An Aer Lingus flight carrying more than 180 passengers had to make an emergency landing Dublin Airport shortly after take off yesterday — the third such incident in a week.
It is understood the crew had to shut down one of the jet’s two engines after reporting a problem shortly after take-off.
Fight EI-490 had departed for Faro in Portugal with 181 passengers and crew, when the pilots detected an issue with the Airbus A321’s number 2 engine.
It is understood the crew reported vibrations in the engine soon after departure.
The flight returned to Dublin Airport and was able to vacate the runway under its own power. Accompanied by fire and rescue vehicles, the jet continued to the terminal where engineers were waiting to investigate the matter.
All passengers disembarked and were accommodated on a later flight.
The emergency landing was the third incident for the airline within a week.
Last Saturday, a flight bound for Munich was forced to return to Dublin shortly after it took off at 7.30am. Flight EI-352 had 148 passengers and crew on board.
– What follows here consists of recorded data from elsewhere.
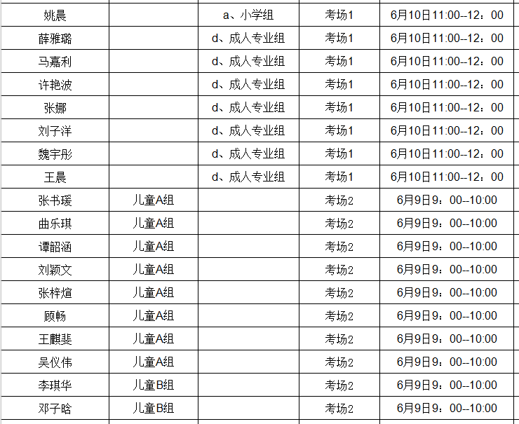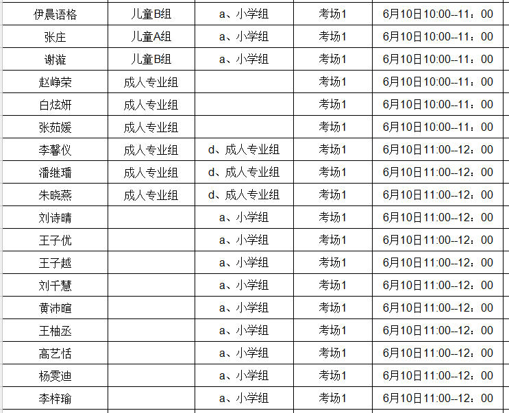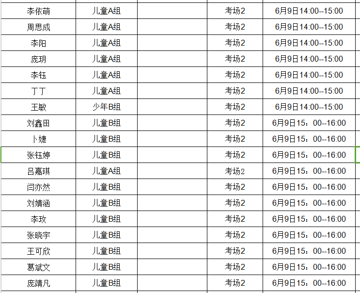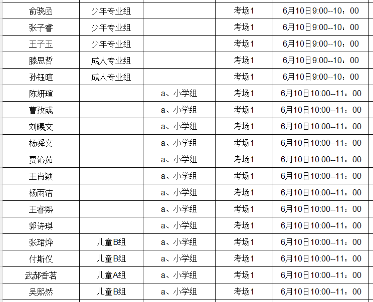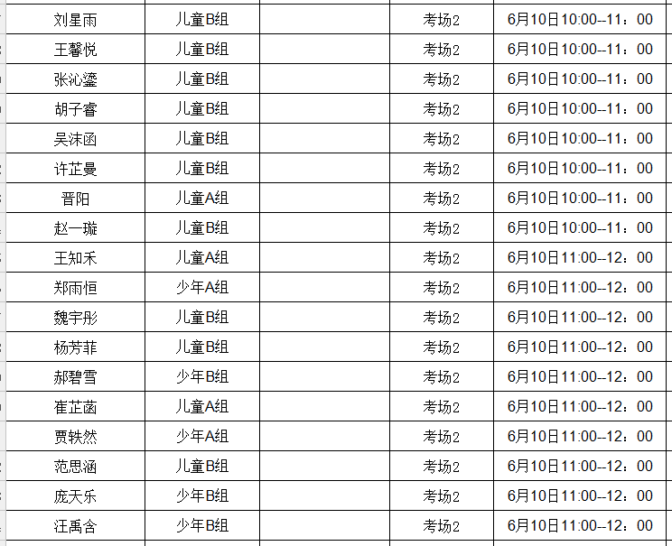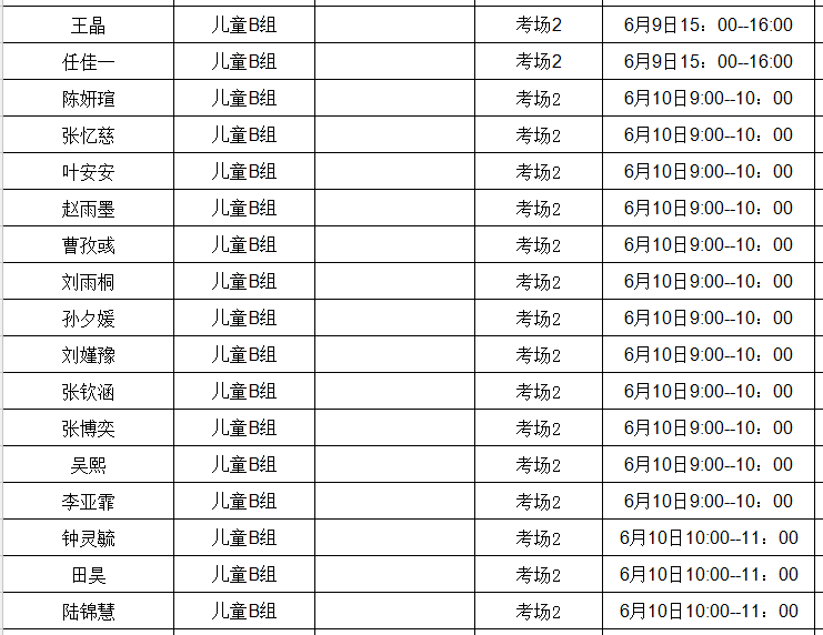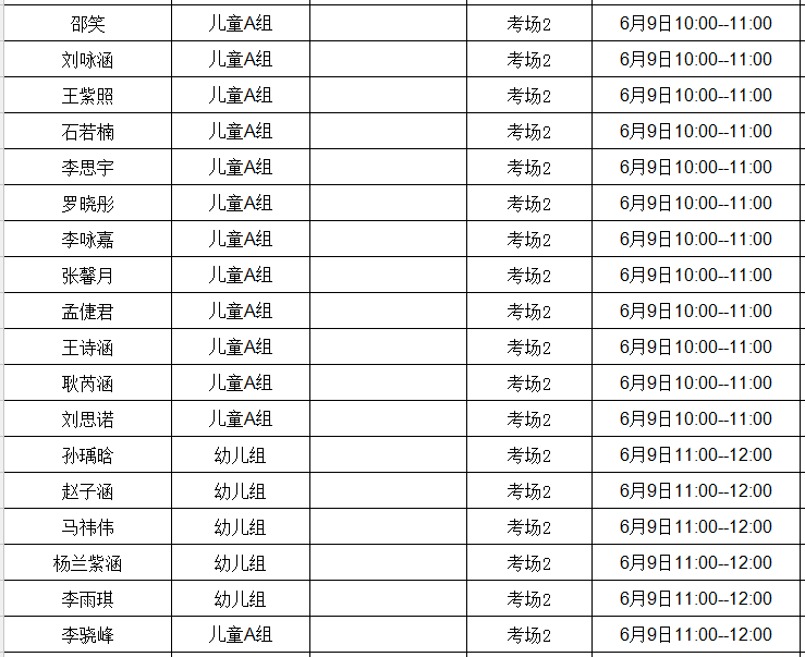 晋阳 儿童A组 考场2 6月10日10:00--11:00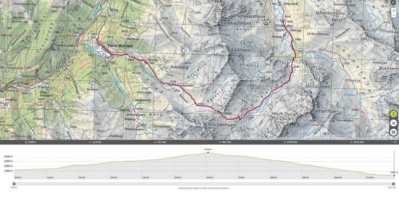 Kurze Zeit nach dieser Aufnahme versinkt die Sonne hinter dem Lenzer Horn und obwohl wir recht flott unterwegs sind, erreichen wir erst nach Einbruch der Dunkelheit unser Zuhause. Aber ab der Alp da la Creusch sind uns die Wege zurück nach Hause ja bestens bekannt, da stört es nicht, wenn es dunkel ist. Im Gegenteil, es ist ein heimeliges Gefühl, im Dunklen nach Hause zu kommen.
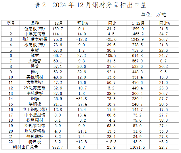 2024年,出口量1000萬噸以上的品種有鍍層板、中厚寬鋼帶和熱軋薄寬鋼帶,出口量500至1000萬噸的品種包括涂層板、中板、線材、無縫管和焊管。除特厚板外,其他21類品種出口均不同幅度增長。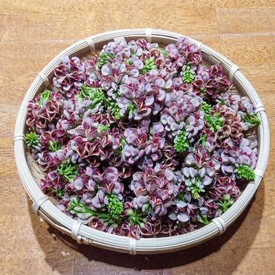 • 先端が咲いておらず緑色の蕾の部分は、酢漬けやお茶などにしても、青っぽい味がしますので、用途によっては、開いた花の方が適しています。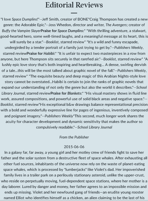 >>150830594I assumed this was Blankets vs Habibi but after looking up the dates it's more likely to be Habibi vs Space Dumplins which is some young kids graphic novel that came out in 2015. Was it that bad? I never even heard about it.

A few minutes after take-off, the crew contacted air traffic controllers to advise of a problem. The pilot informed controllers: “We have a slight problem here in the cabin and we’d like to level off.”
The Airbus A320-200 jet levelled off at 16,000ft and flew two circuits over the Irish Sea to allow the crew to assess the problem and reduce altitude before returning to the airport.
There was confusion over whether there was smoke in the cockpit or fumes in the passenger cabin. The plane landed safely at Dublin at 8.02am and continued to the terminal where passengers disembarked.
Airport crash crews were standing by for the aircraft and remained with the plane for a time after it.
Aer Lingus said all passengers were accommodated on later flights.
Meanwhile, last Monday, an Aer Lingus flight leaving JFK Airport in New York had to return to make an emergency landing
Flight EI110, carrying 115 passengers, returned to the airport after the pilots received a failure notification in relation to the jet’s hydraulic system and landing gear.
An audio recording of the communications between the pilot and Air Traffic Control at JFK revealed the pilot informing the airport of the possibility of having to return.
“We do have a technical issue here — we lost our hydraulic system, one hydraulic system so we are going to have to return to Kennedy at some stage, not quite yet,” said the pilot.